**What the task requires**
An exact copy of the data is required, with no pictures in it.

Start of Data shown

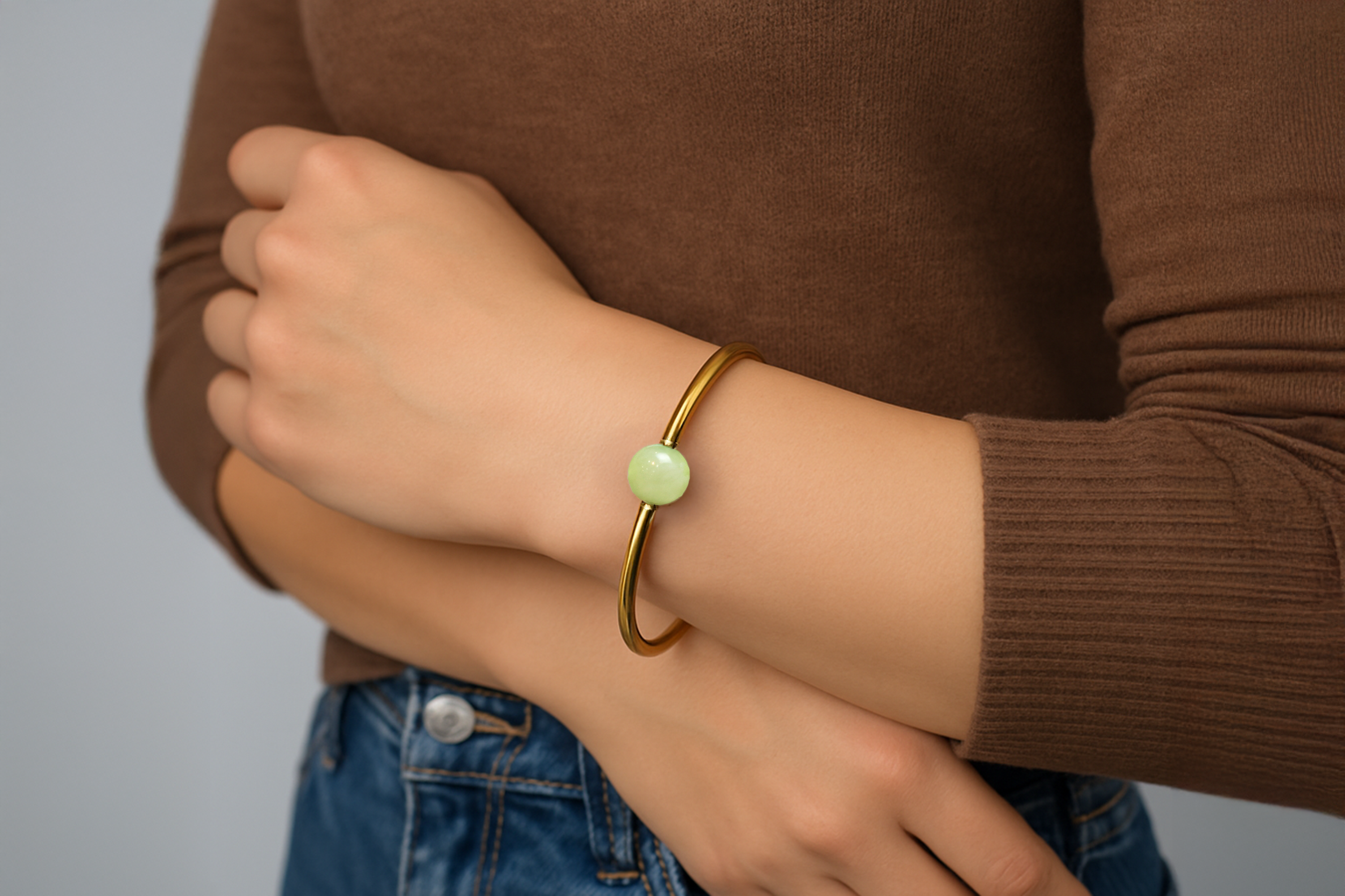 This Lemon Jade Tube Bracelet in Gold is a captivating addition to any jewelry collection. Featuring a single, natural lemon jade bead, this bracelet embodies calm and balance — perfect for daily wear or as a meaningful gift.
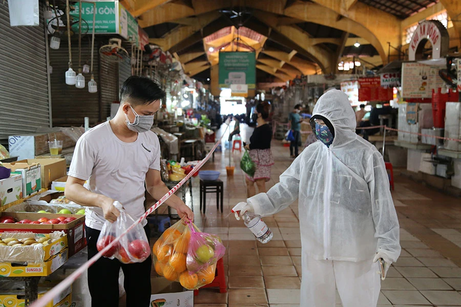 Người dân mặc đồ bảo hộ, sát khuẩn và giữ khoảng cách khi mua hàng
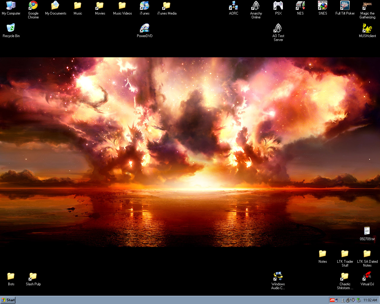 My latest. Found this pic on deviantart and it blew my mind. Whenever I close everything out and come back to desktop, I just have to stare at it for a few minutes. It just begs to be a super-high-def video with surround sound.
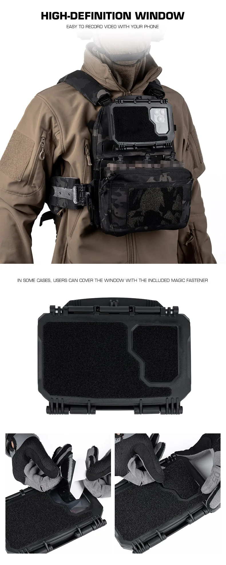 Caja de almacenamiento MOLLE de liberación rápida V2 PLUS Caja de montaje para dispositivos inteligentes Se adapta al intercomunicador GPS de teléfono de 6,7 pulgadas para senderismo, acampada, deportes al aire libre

End of Data shown

**Result of this task**
 This Lemon Jade Tube Bracelet in Gold is a captivating addition to any jewelry collection. Featuring a single, natural lemon jade bead, this bracelet embodies calm and balance — perfect for daily wear or as a meaningful gift.
 Người dân mặc đồ bảo hộ, sát khuẩn và giữ khoảng cách khi mua hàng
 My latest. Found this pic on deviantart and it blew my mind. Whenever I close everything out and come back to desktop, I just have to stare at it for a few minutes. It just begs to be a super-high-def video with surround sound.
 Caja de almacenamiento MOLLE de liberación rápida V2 PLUS Caja de montaje para dispositivos inteligentes Se adapta al intercomunicador GPS de teléfono de 6,7 pulgadas para senderismo, acampada, deportes al aire libre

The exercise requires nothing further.